> _WORK REQUIRED_
What is needed is an exact copy of the listing, with no pictures in it.

> _SUPPLIED RECORDS_
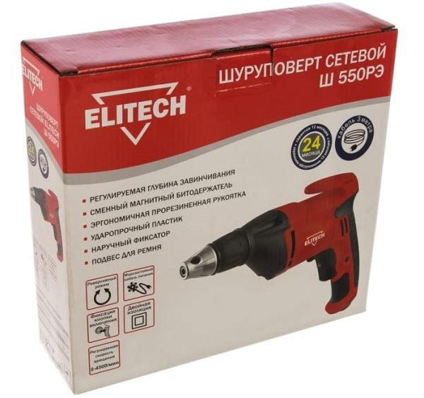 Шуруповерт Ш 550РЭ – безударный инструмент, используемый с битами. Его скорость может достигать 4500 оборотов в минуту, сочетается с регулировкой частоты вращений и одной ступенью крутящего момента. Используется для закручивания и выкручивания крепежа в гипсокартонные плиты, металл, древесину и другие материалы с регулировкой глубины завинчивания. Оснащен шестигранным патроном, что способствует легкой смене оснастки. Функция реверса служит для легкого выведения сверла из материала. Кнопка фиксации выключателя упрощает продолжительную работу оператора.
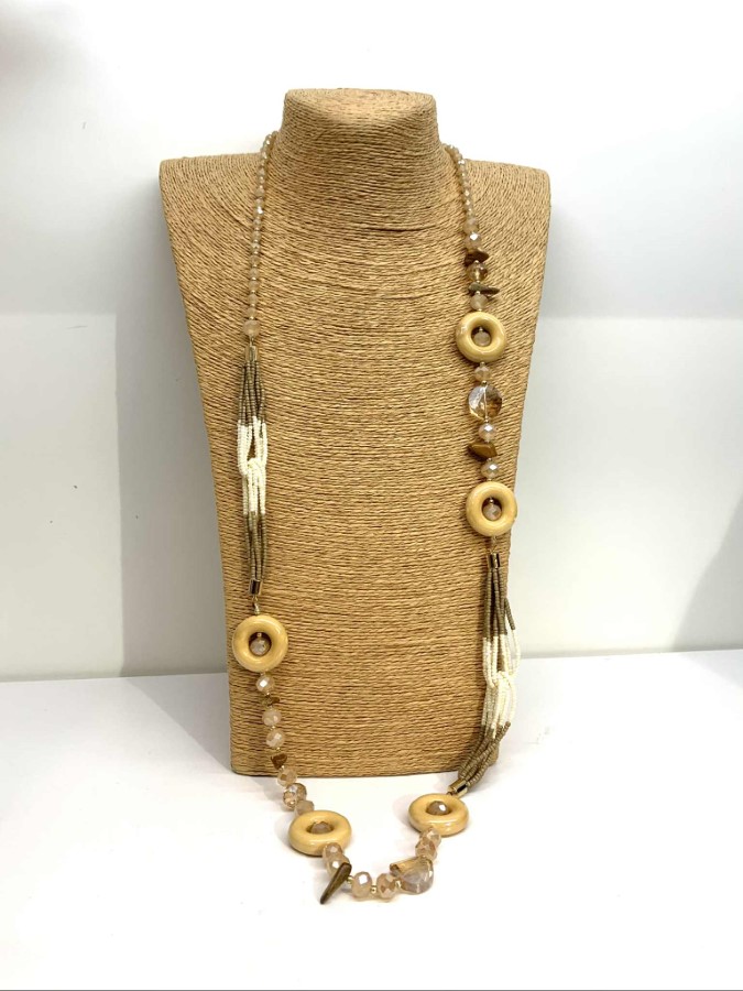 Material: Steklene perle, leseni dekorativni elementi, kovinski detajli in večnitna vrvica v naravnih odtenkih; lahka konstrukcija omogoča udobno nošenje skozi ves dan.
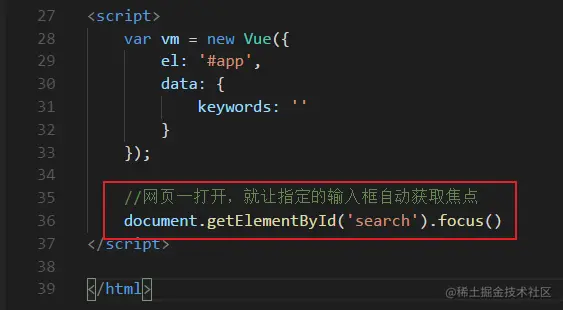 //原生js写法:网页一打开,就让指定的输入框自动获取焦点
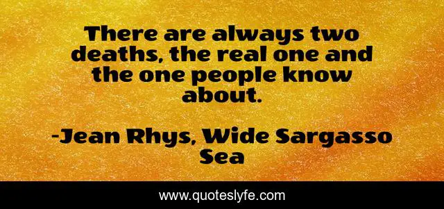 This page presents the quote "There are always two deaths, the real one and the one people know about.". Author of this quote is Jean Rhys, Wide Sargasso Sea. This quote is about real, death,.
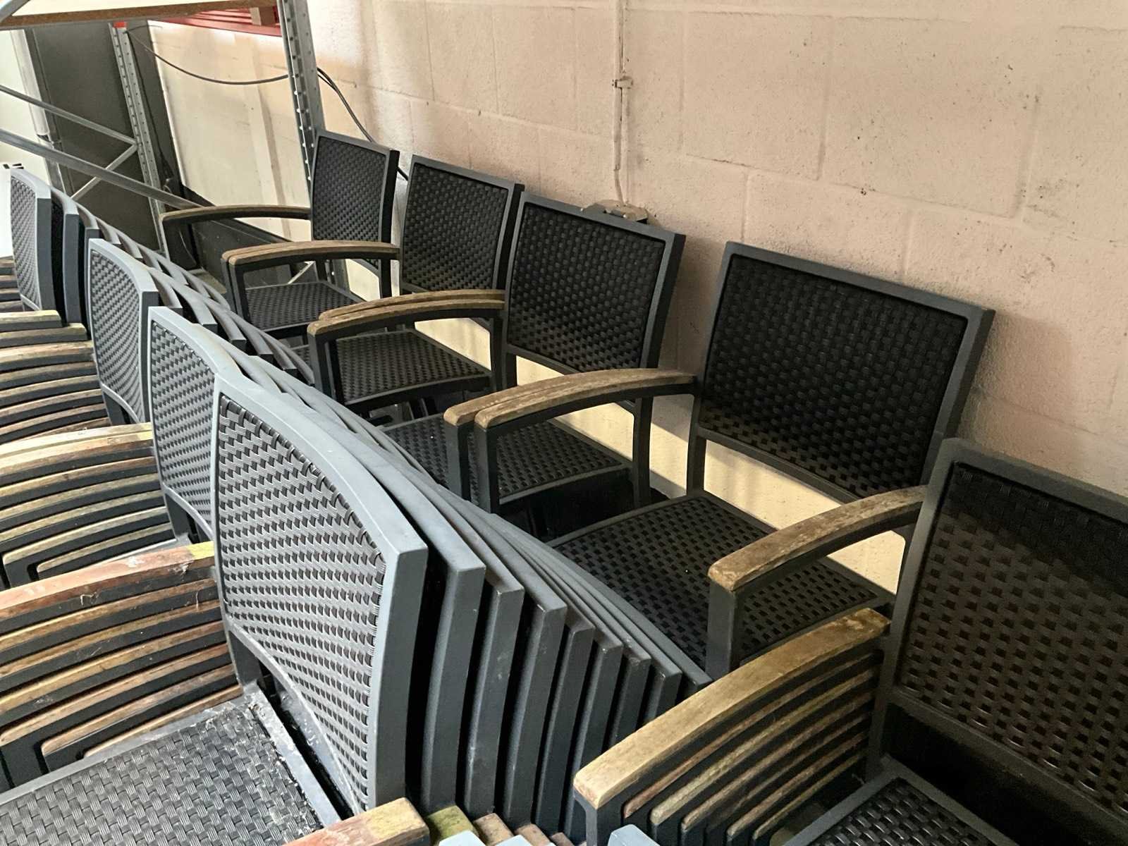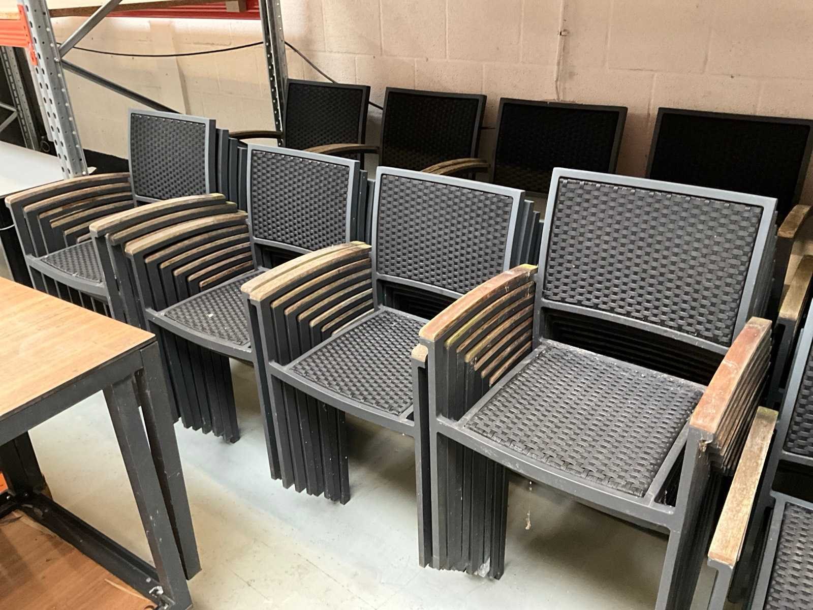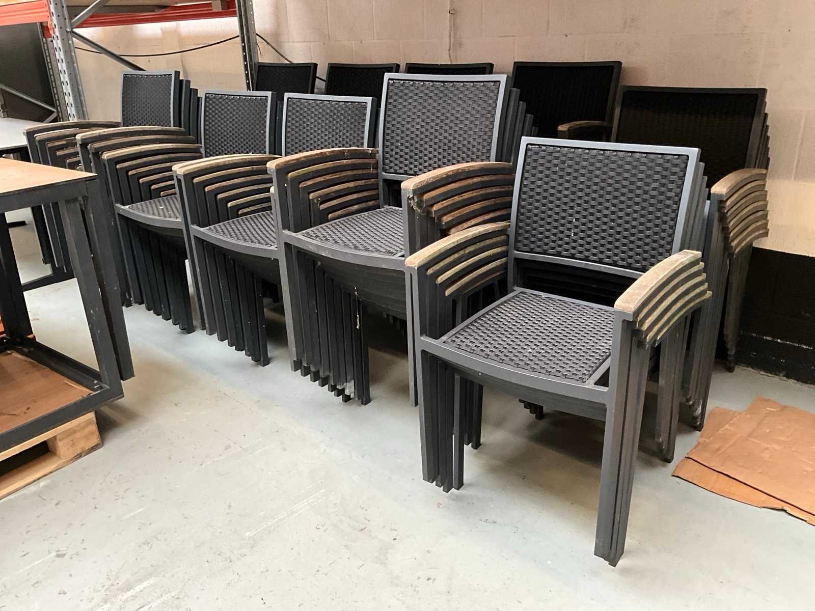 Bestaande uit: 4x Satelliet barstoel, 43x Satelliet terrasstoel met armleuning, 2x bartafel H100xB80cm, 12x terrastafel H74xB80cm en 2x terrastafel H74xL140xB80cm
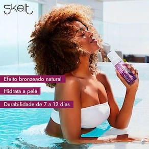 Água autobronzeadora corporal para todos os tipos de pele. Skelt Red Carpet Glow Água Autobronzeadora revela um bronzeado natural enquanto hidrata a pele. Possui 8 horas de ação que bronzeia com intensidade de média a forte e durabilidade de 7 a 12 dias.
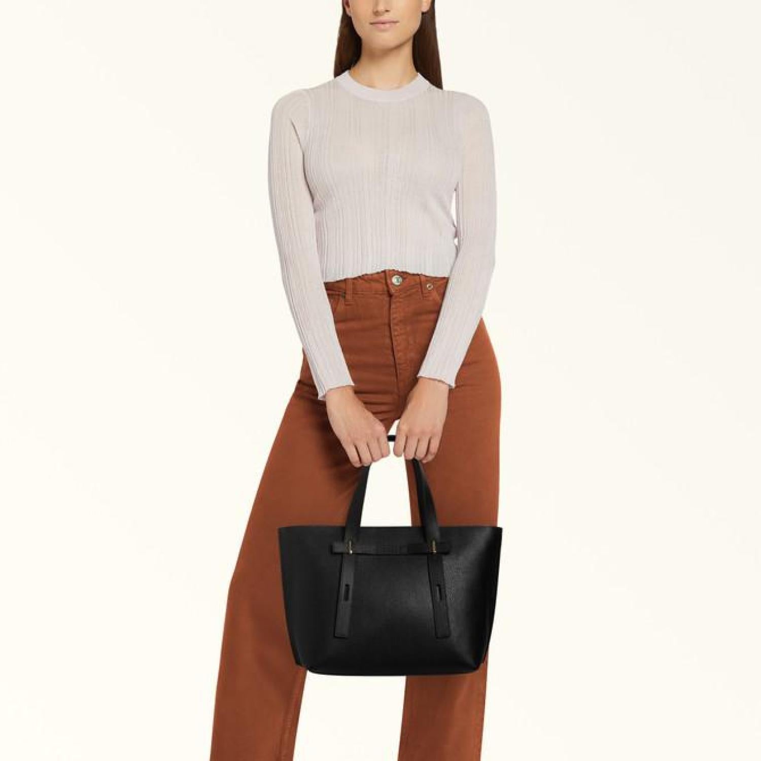 This Furla Giove tote is perfect for your all-day, everyday needs with its minimalist rectangular shape and soft spacious interior. Crafted from luxurious grained leather, it can be carried by hand or on the shoulder, by adjusting the long handles, and they can even be changed for alternative handles to really personalise your look.  - Two open inside pockets- Inside zip pocket- Two hooks on the front to adjust the handles- Top zip closure- Furla logo punched on the front
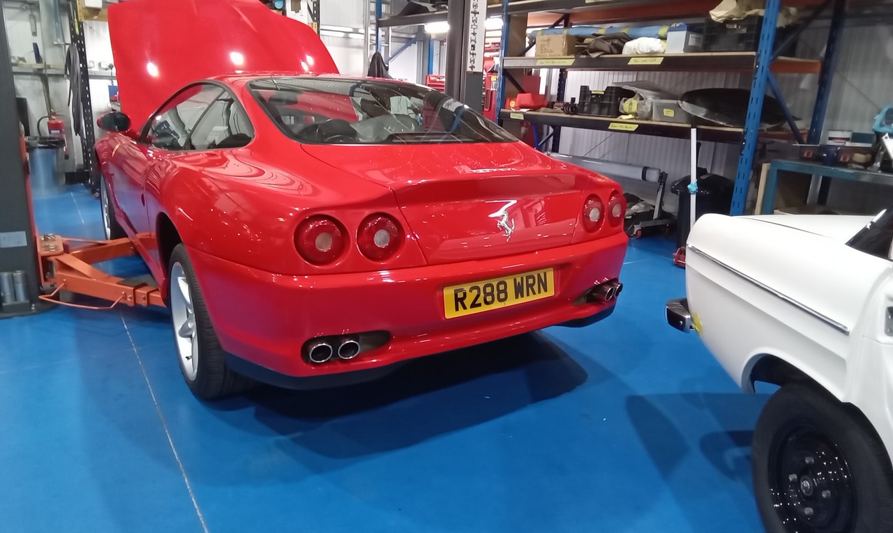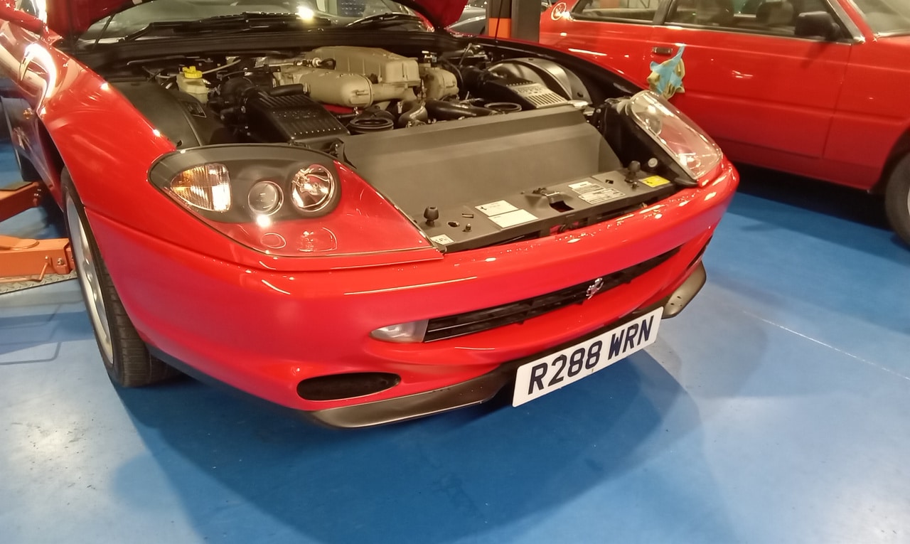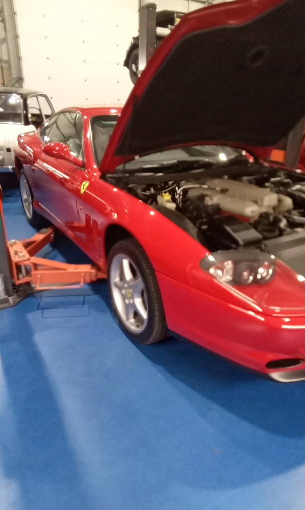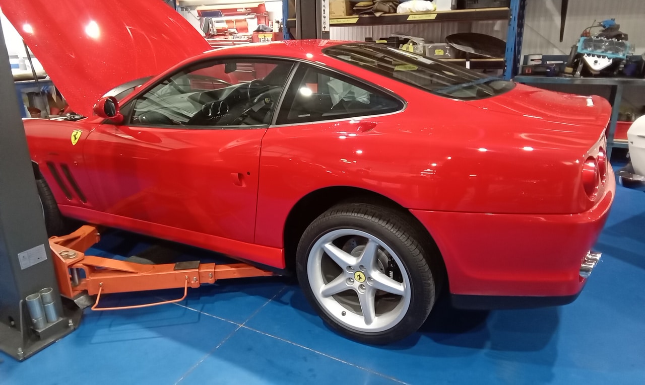 After recently arriving at the workshop, the 1998 Ferrari 500 Maranello has been in the paint shop previously but now is on the ramp in the Bridge Classic Cars HQ. Our restoration technician Jon has been carrying out a full appraisal on the modern icon which involved topping up the brake fluid tightening down the battery terminals before torquing up the wheels and inflating all of the tyres to the correct pressure.
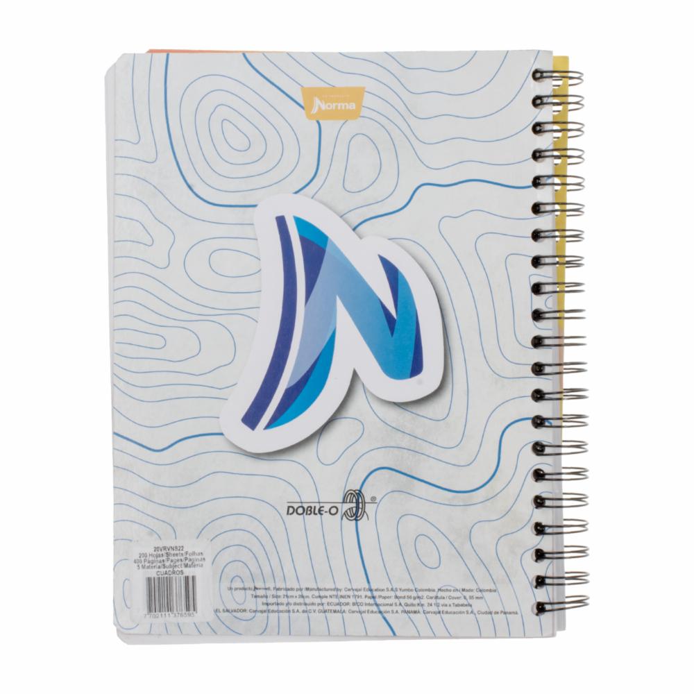 Cuaderno Universitario Cuadros 5 Materias NORMA 200 Hojas
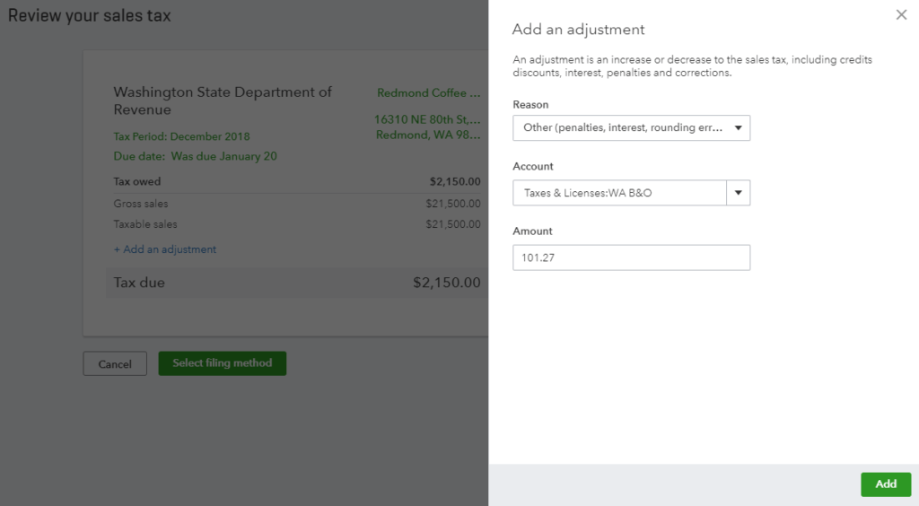 How to Record Paying Sales Tax and WA B&O Using the Sales Tax Adjustment Method

> _THE COMPLETED TASK_
 Шуруповерт Ш 550РЭ – безударный инструмент, используемый с битами. Его скорость может достигать 4500 оборотов в минуту, сочетается с регулировкой частоты вращений и одной ступенью крутящего момента. Используется для закручивания и выкручивания крепежа в гипсокартонные плиты, металл, древесину и другие материалы с регулировкой глубины завинчивания. Оснащен шестигранным патроном, что способствует легкой смене оснастки. Функция реверса служит для легкого выведения сверла из материала. Кнопка фиксации выключателя упрощает продолжительную работу оператора.
 Material: Steklene perle, leseni dekorativni elementi, kovinski detajli in večnitna vrvica v naravnih odtenkih; lahka konstrukcija omogoča udobno nošenje skozi ves dan.
 //原生js写法:网页一打开,就让指定的输入框自动获取焦点
 This page presents the quote "There are always two deaths, the real one and the one people know about.". Author of this quote is Jean Rhys, Wide Sargasso Sea. This quote is about real, death,.
 Bestaande uit: 4x Satelliet barstoel, 43x Satelliet terrasstoel met armleuning, 2x bartafel H100xB80cm, 12x terrastafel H74xB80cm en 2x terrastafel H74xL140xB80cm
 Água autobronzeadora corporal para todos os tipos de pele. Skelt Red Carpet Glow Água Autobronzeadora revela um bronzeado natural enquanto hidrata a pele. Possui 8 horas de ação que bronzeia com intensidade de média a forte e durabilidade de 7 a 12 dias.
 This Furla Giove tote is perfect for your all-day, everyday needs with its minimalist rectangular shape and soft spacious interior. Crafted from luxurious grained leather, it can be carried by hand or on the shoulder, by adjusting the long handles, and they can even be changed for alternative handles to really personalise your look.  - Two open inside pockets- Inside zip pocket- Two hooks on the front to adjust the handles- Top zip closure- Furla logo punched on the front
 After recently arriving at the workshop, the 1998 Ferrari 500 Maranello has been in the paint shop previously but now is on the ramp in the Bridge Classic Cars HQ. Our restoration technician Jon has been carrying out a full appraisal on the modern icon which involved topping up the brake fluid tightening down the battery terminals before torquing up the wheels and inflating all of the tyres to the correct pressure.
 Cuaderno Universitario Cuadros 5 Materias NORMA 200 Hojas
 How to Record Paying Sales Tax and WA B&O Using the Sales Tax Adjustment Method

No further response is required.